I also changed the pedals, as Price Point stopped running their combo with the Sette Enduro shoes and Wellgo pedals for $55. I got some Wellgo MG-1's instead, will get shoes later. Got a good price on a Salsa seatpost clamp. Due to the amount of praise from other Clydes, I am trying out a WTB Pure V Race for the saddle. Found the Thompson Elite seatpost used on Ebay for $45 or so, it's in great shape. ESI Chunky grips get a lot of props around here, and are cheap, so I grabbed some of those. I am running the Hans Dampfs with tubes for now, will consider tubeless down the road 

I have what I can get together right now on the frame. I am waiting on the stuff to build the front wheel (hub, rim, spokes, and rotor), and some derailleur housing. Oh, also some tubes for the smaller tires I ordered for my commuter.

I will ride the Manitou Minute Pro fork right now with the factory spring and see if I need to change it, but I ordered an extra-firm to swap if I don't like it. Also have some nice thick suspension oil to help firm it up as well. I am not confident enough to open up the fork yet, and am still trying to get my head around the adjustments! I have never ridden good suspension before, so I don't have much of a baseline. I suppose I will set everything to factory recommendations and go from there 

I also ended up with some unintentional bling  I ordered an SLX front derailleur, paid SLX price (like $25-$30), the package it came in SAID SLX, and when I opened it up to install, inside was an XTR  SWEET! It looks all blingy 

A shout out to all that have helped me! Everyone in this thread, thank you  Mr. Magura has been helping behind the scenes as well, I will post a picture of the brake mod he helped me with once I get my cockpit set up. Tree Fort Bikes has earned my business again and again with their fantastic prices, selection, and customer service. Outside Outfitters hooked me up with the fork, and tracked down the spring for me, both on special order! They also worked with me on my odd form of payment (a bunch of Visa gift cards) and everything went smooth! Really great customer service, kept communication up with me the entire time! Brake-stuff.de, thanks for finally putting my hub questions to rest. Give all those stores your love, guys. They deserve it!

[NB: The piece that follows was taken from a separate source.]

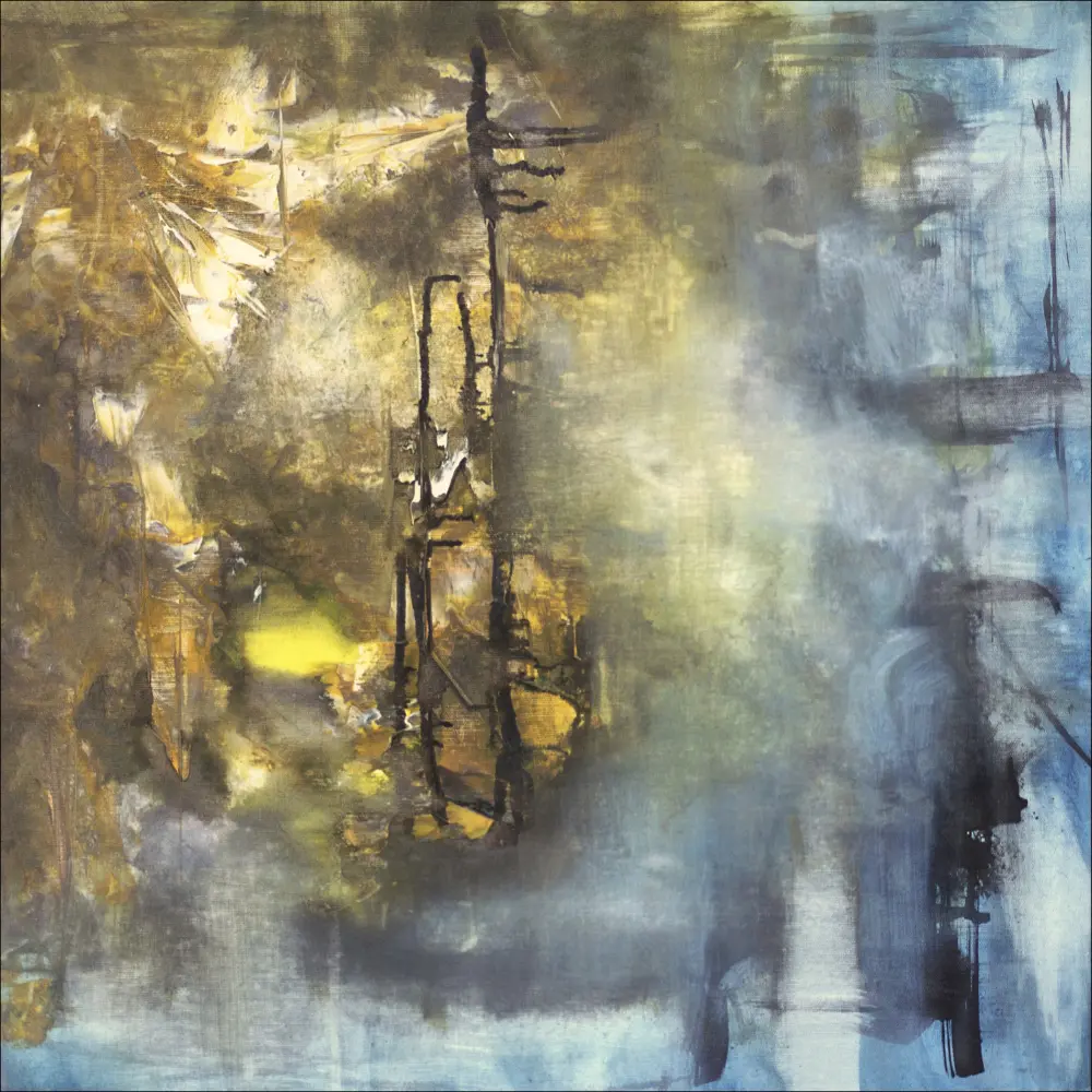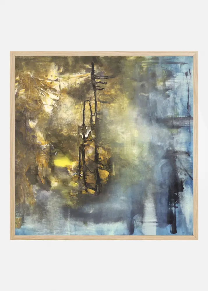 Une peinture abstraite en acrylique dans des nuances de jaune, bleu et noir, créée par l'artiste Linn Westanbäck. Un poster merveilleusement vivant au format carré qui peut être avantageusement combiné avec d'autres œuvres de Linn Westanbäck.

I can't wait to post pictures of this build. Rounding the corner on it, and I am _DYING_ to ride it!


----------



## NYrr496 (Sep 10, 2008)

Sounds great. You have WAY more patience than I do... I would never have taken all that time with the front hub/ wheel/ fork/ brake combo.


----------



## Bikemaya (Sep 24, 2012)

Alright, I officially have A BIKE.

A REAL, big kid's bike.









Let's see if I can remember the exact specs...

Haro V2 frame, 14"
Thompson Elite seatpost
WTB Pure V saddle
Salsa seatclamp
Manitou Minute Pro fork, 120mm, 20mm thru-axle
Hans Dampf tires 2.35", downhill spec tubes (they are PORKY and HEAVY.)
Rhyno Lite rims, front hub is Hope 2 Evo, rear is Shimano XT
SRAM X9 grip shifters
SRAM X9 rear derailleur (9 speed)
Shimano XTR front derailleur (a bonus! I ordered SLX, I received a derailleur in OEM packaging marked as SLX, inside was an XTR. I ain't complaining. )
Shimano SLX Hydro brakes
203mm front rotor, 185mm rear
SRAM 950 cassette
KMC chain (X9, maybe?)
Shimano SLX crankset
Wellgo MG-1 pedals
Raceface Dues handlebars
FSA Orbit Extreme Pro headset
Syncros AM V2 stem (60 or 70mm, don't remember)
Jagwire housing, ran full length for rear derailleur (lack of proper cable guides on frame prevented the front from working). Had to drill out the guides on the frame for everything. The derailleur ones turned out nice. The brake guides needed a lot more removed, and turned out a bit of a mess. Still need zip ties, as you can see, because there just plain aren't enough guides anyways.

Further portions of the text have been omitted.